Робертс проверил плотность своих крепежей, а Чен и Савченко пристегнули себя ремнями к креслам.
– Внимание! – подал команду Шнайдер. – Осуществляем посадку!
Ладони Тимофея с силой вдавили подлокотники. Он ждал, что начнёт закладывать уши, как при посадке в самолёте, но система поддержки давления работала чётко. Удар! На миг в кабине пилотов погасло освещение, и тут же зажглось. «Пилигрим» некоторое время скользил по поверхности спутника, но вскоре встал, как вкопанный – сработали якорные крюки.
В иллюминаторах мелькал ослепительной белизны пейзаж, и Тимофею показалось, что они приземлились в так хорошо знакомой Антарктиде. Но осознание, что они за миллиарды километров от родной планеты накатило океанской волной. И тут всех четверых охватило ликование:
– Мы приэнцеладились, господа!
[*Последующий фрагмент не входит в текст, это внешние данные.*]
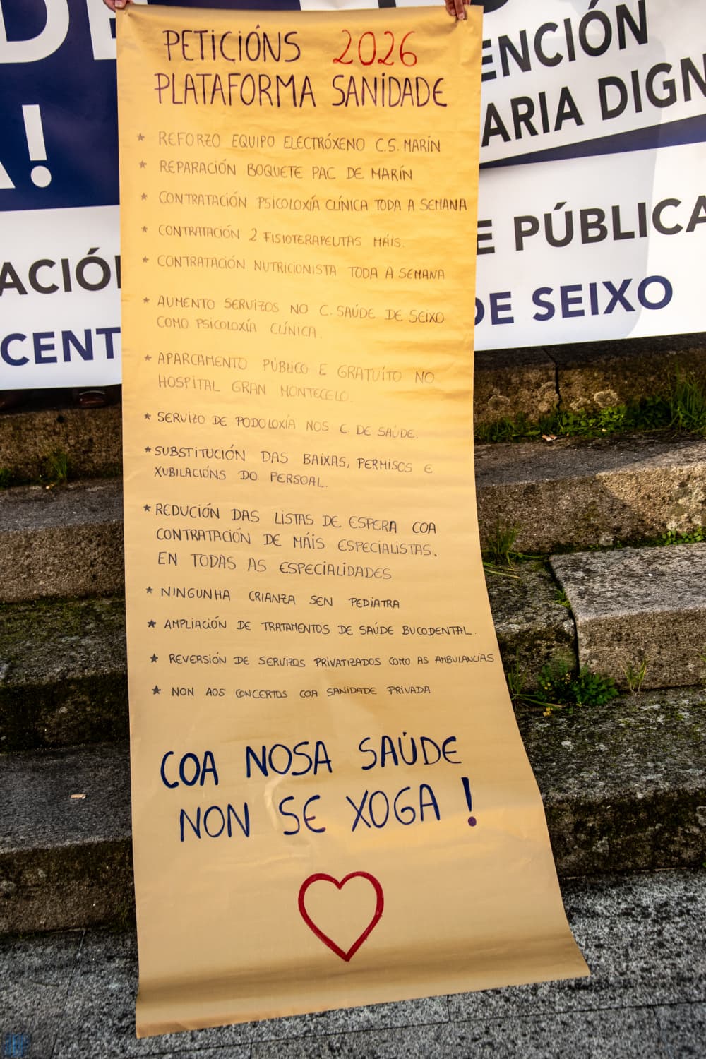 A Plataforma Seixo-Marín concentrouse diante do Hospital Provincial cun longo pergamiño de desexos a modo de carta dirixida ao xerente da área sanitaria, reclamando contratación de persoal para reducir as listas de agarda na atención primaria e especializada como os tres anos que están a esperar alguns veciños para uroloxía

Чёрт побери, ну и словечко, – беззлобно выругался Мэтью.
– Ура-ура-ура-а-а-а-а! – орал Савченко.
– Цель достигнута! – спокойно, но с ноткой радости резюмировал Чжен-Бао.
– Не спешите радоваться, — огорошил всех Генрих, — мы откатились от заданной точки на триста метров.
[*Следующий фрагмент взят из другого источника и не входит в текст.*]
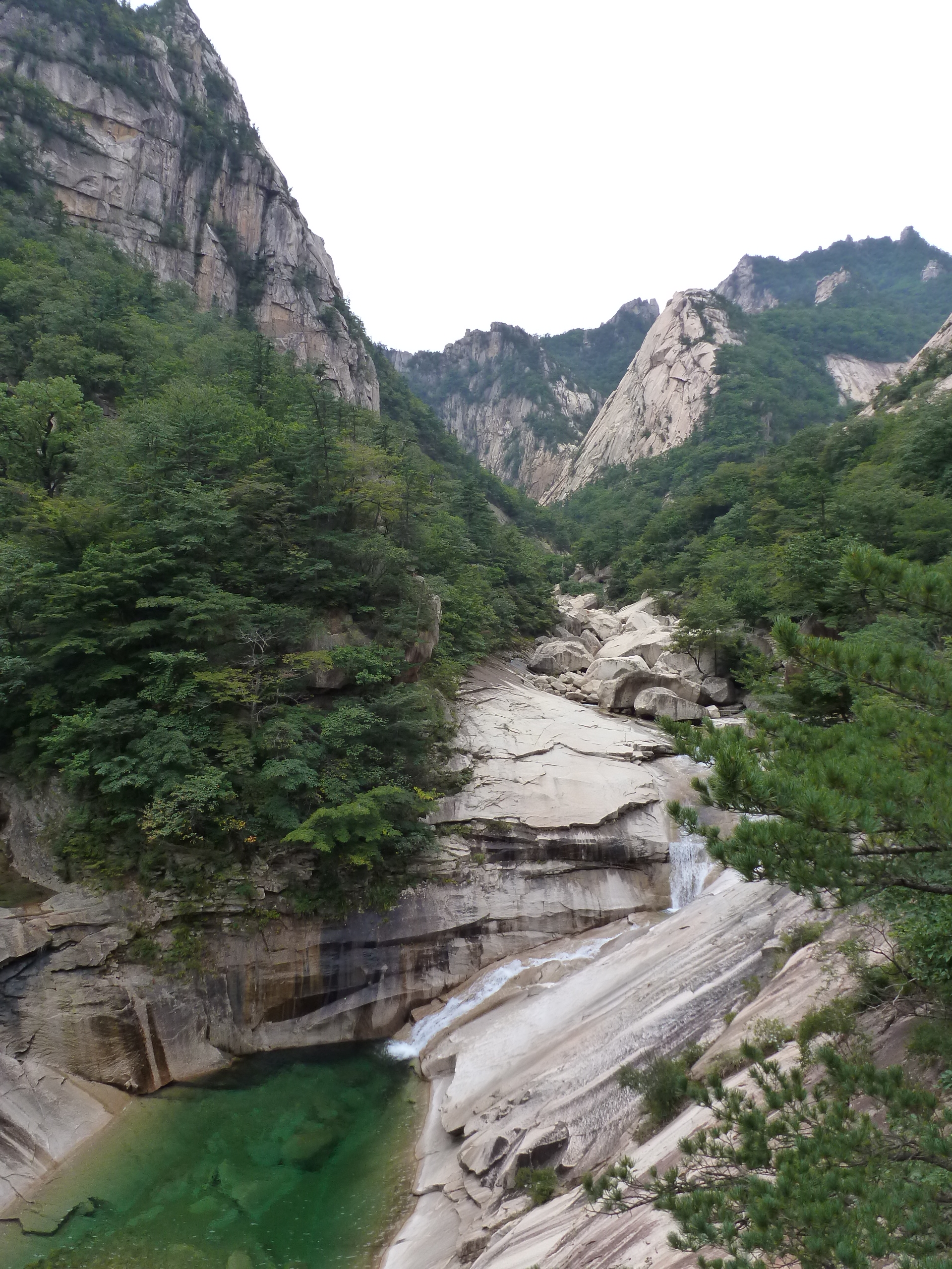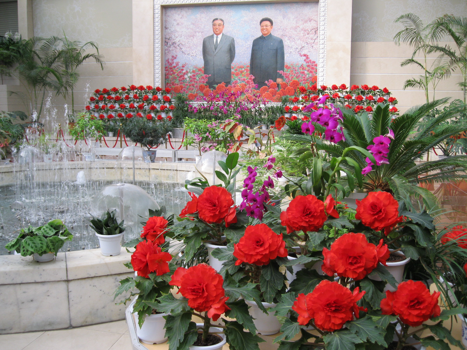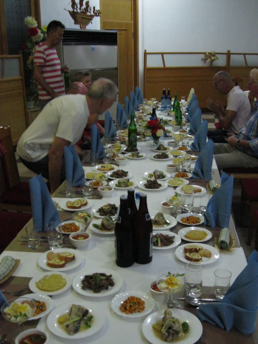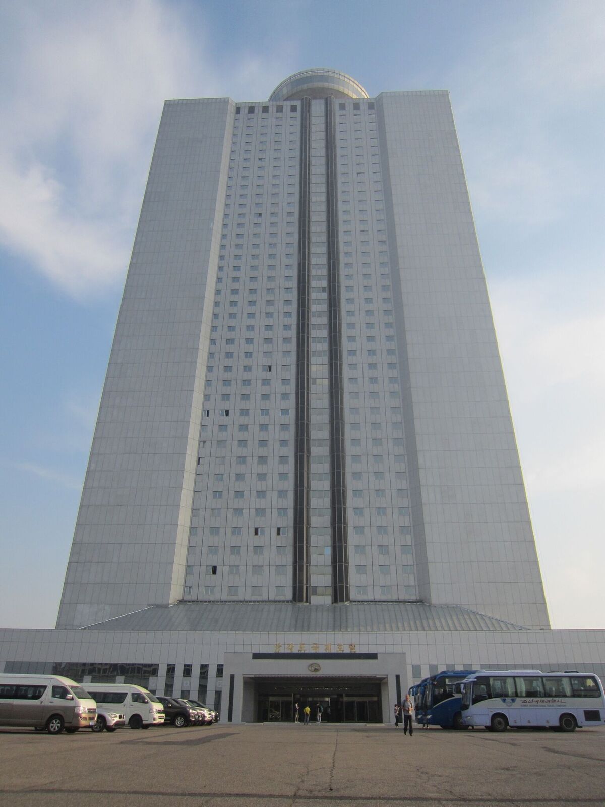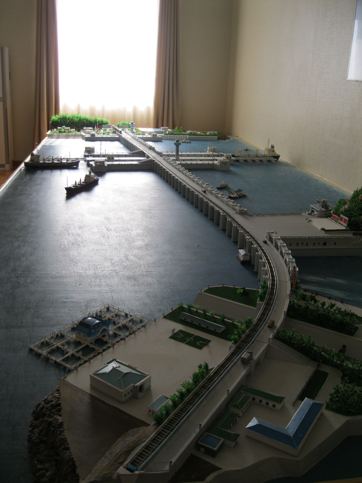 In Peking hebben we enkele uren tijd om ons voor te bereiden op de treinreis richting Noord-Korea. De trein vertrok rond 6u 's avonds. De volgende ochtend komen we aan in Dandong, een Chinese stad die grenst aan Noord-Korea.Het station van PekingDe slaapcabineHet restaurant op de trein. Een deel van het treinpersoneel was er al aan het eten. Ik besloot dan ook maar iets te eten. "Can I have a knife and fork?". "No sowwy". En de chinezen maar lachen.Op dag 3 arriveren we in Dandong, waar we een ontbijt krijgen. De rest van de treinreis wordt verdergezet op een andere trein richting de Noord-Koreaanse hoofdstad Pyongyang.Aankomst in DandongDandongIn de trein over de China-Noord-Korea Vriendschapsbrug. De Yalu rivier die we oversteken maakt een groot deel uit van de grens tussen China en Noord-Korea.Parallel loopt nog een brug, maar deze werd grotendeels vernield tijdens de Koreaanse oorlog.Links: Noord-Korea Rechts: ChinaAl snel verschijnen de portretten van de (overleden) grote leiders Kim Il Sung (links) en Kim Jong Il (rechts). Die zien we overal in Noord-Korea.Langs het platteland zien we vooral rijstvelden.Openbare werkenOnze Nederlandse reisbegeleider Jan is zeer fier op zijn Noord-Koreaanse badge. Deze badges worden door bijna alle Noord-Koreanen gedragen. Als buitenlander kan je deze badge enkel uitgereikt krijgen als je je loyaliteit bewezen hebt.In onze wagon zitten ook enkele Chinese toeristen. De meeste toeristen in Noord-Korea zijn Chinezen.Bij een tussenstop worden we gecontroleerd door Noord-Koreaanse militairen. Alle fototoestellen en telefoons worden geregistreerd, boeken en magazines worden nagekeken. Bagages worden slechts steekproefsgewijs doorgelicht. Onze paspoorten worden ook in beslag genomen. Die krijgen we pas terug op het einde van de reis.De rijstvelden zijn meestal in rechthoekige stukken ingedeeld, met bonenplanten om ze te scheiden.Tegen de avond rijden we Pyongyang binnen. Het volledige treintraject van Peking tot Pyongyang is 1371km lang en deden we ongeveer 24u over.Op dag 4 rijden we met de bus naar de industriestad Hamhung (함흥시). Hier bezoeken we oa. een fabriek van kunstmeststof.Het Yanggakdo International Hotel in Pyongyang waar we deze eerste nacht verbleven. Later keren we hier nog terug.Een tussenstop aan een meer langs het bergachtige landschap.Simon en ikDe bus waar we heel de reis mee rondtrokkenEen fotostop langs het bergachtige landschapDe gidsen vermelden dat zowat driekwart van het land bergen zijn. Omdat de Noord-Koreanen er naar streven om volledig zelfvoorzienend te zijn, wordt bijna alle vlakke grond gebruikt voor landbouw.Aan de linkerkant zie je onze Koreaanse gidsen. Meestal spreken Koreanen elkaar aan met hun volledige naam, maar gemakkelijkheidshalve mochten wij ze aanspreken als miss Kim (links) en miss Ha (rechts).Even dalen we af om een waterval te bezoeken. We picknicken hier in de buurt.De waterval zou in 2001 ontdekt zijn door Kim Jong Il, dankzij zijn fantastisch gehoor.BronwaterDit was een van de weinige maaltijden die ik volledig op kreeg. Op de bus krijgen we dan te horen dat de lunchschotels achtergelaten werden voor kinderen die de overschot zouden eten...De meeste wegen bestaan uit betonplaten.Een propagandabord langs de wegWe komen aan in Hamhung, de tweede grootste stad van Noord-Korea (~ 800.000 inwoners). We rijden hier voorbij een van de talrijke mozaïeken die we te zien zullen krijgen. Links: Kim Il Sung Midden: Kim Jong Il Rechts: Kim Jong Suk (de eerste vrouw van Kim Il Sung)Hamhung is nog maar enkele jaren "open" voor toeristen.Een fabriek van kunstmeststofBij elke bezienswaardigheid krijgen we te horen hoe vaak en wanneer juist de grote leiders die plaats bezocht hebben. Vaak zijn er mozaïeken die hun bezoek afbeelden.Binnen in de fabriekEr zijn maar weinig fabriekswerkers aanwezig, maar ze poseren wel graag voor een foto.'s avonds verblijven we in het Majon Tourist Resort aan de Oost-Koreaanse zee. Hier nemen we een frisse duik in het water.De huisjes waar we verblijven zijn vlak aan het strand.Onze zwembroeken buiten gehangen, maar echt droog werden ze niet door het vochtige klimaat.Het avondmaal. Zoals gewoonlijk werden er nog voortdurend bordjes bij gezet. Als je al vol zit krijg je dan nog een kom rijst en soep.'s middags en 's avonds was er als drank meestal plat water en bier, met de mogelijkheid om "juice" te drinken in plaats van bier. Dat was een soort appel/peren sap (niet op de foto).Onze kamerHier was geen stromend water, en diende het bad als waterreservoir. Wassen moest "op z'n Bangladesh" door een teiltje water over je gieten. In de rode emmer kon water elektrisch verwarmd worden.Op dag 5 bezoeken we nog enkele plaatsen in Hamhung, en vertrekken dan richting Mt. Kumgang. Onderweg bezoeken we oa. nog de kuststad Wonsan.Het huis van de voormalige koning Taejo van Joseon in Hamhung. Hij richtte de Koreaanse Joseondynastie op in 1392, die eindigde in 1897.Een zeer oude boomBuiten het huis stond een groep Koreaanse studenten te wachten.Een aangelegde (niet natuurlijke) heuvel met grote bronzen beelden van de leidersDe lokale gids die ons een woordje uitleg gaf. De plaatselijke gidsen spraken meestal Koreaans, dat dan naar Engels vertaald werd door onze gids miss Kim.Hamhung Grand TheatreWonsanDit verkeersbord leek met de hand geschilderd te zijn.Bezoek aan een de Chonsam coöperatieve boerderijEen persimmon boomOok de grote leiders zijn hier geweest.In het winkeltje van de boerderij kochten we enkele gedroogde persimmons.Naast de boerderij was er een kleuterschool. De kinderen zongen een liedje en wuifden ons dan uit.Iets verderop bezoeken we nog het huis van de boerin die ons begeleidde.Dit huis heeft een soort vloerverwarming die hier vaak toegepast zou worden. Op internet vond ik dit systeem terug als "Ondol".Wat voor een decoder is dat onder de TV? Telenet of Belgacom?Ten slotte bezochten we nog een boeddhistische tempel...Maar bij de tempel zelf mochten we niet komen, omdat er constructi

Остальные члены экипажа, чуть было не принявшие досаду Шнайдера за чистую монету, тут же отстегнули свои ремни безопасности, и бросились к командиру корабля.
– Ну ты, Гена, педант! – Тимофей похлопал по плечу Шнайдера.
– Я люблю точность.
– Брось, командир, – веселился Робертс, – мы преодолели миллионы миллионов миль, а ты переживаешь из-за какой-то сотни ярдов!
– Ха-ха, – наконец позволил себе усмехнуться Генрих, – а вы и впрямь купились! Тпереь всё, повеселились и хватит. Предстоит много работы. Сейчас постараемся провести связь с Землёй, и сразу начинаем подготовку к высадке. Действовать надо оперативно. Время не ждёт: по земным меркам у нас ровно две недели. Именно тогда будут оптимальные условия для возвращения.
– Андрей Савченко! – географ Нина Васильевна, по совместительству преподававшая у третьеклашек дисциплину «Окружающая среда», нашла взглядом ученика. – Ты готов выступить с докладом про космические путешествия?
Урок был открытым, на нём присутствовала комиссия из администрации науки и образования, которая должна была определить целесообразность этого предмета в младших классах. Нина Васильевна была одной из тех, кто горячо доказывал, что дети с ранних лет должны получить представление о многообразии Вселенной, чтобы понимать своё место в ней. Тем более сейчас, в эру, названную по аналогии с эпохой Великих географических открытий, временем Глобального космического освоения. Открытые уроки, такие как этот, должны были, по мнению Нины Васильевны, убедить членов комиссии, что дети в серьёз интересуются космосом. Тем более, в её классе учится сын одного из Четвёрки Первых. Именно он должен выступить сейчас с самым лучшим докладом.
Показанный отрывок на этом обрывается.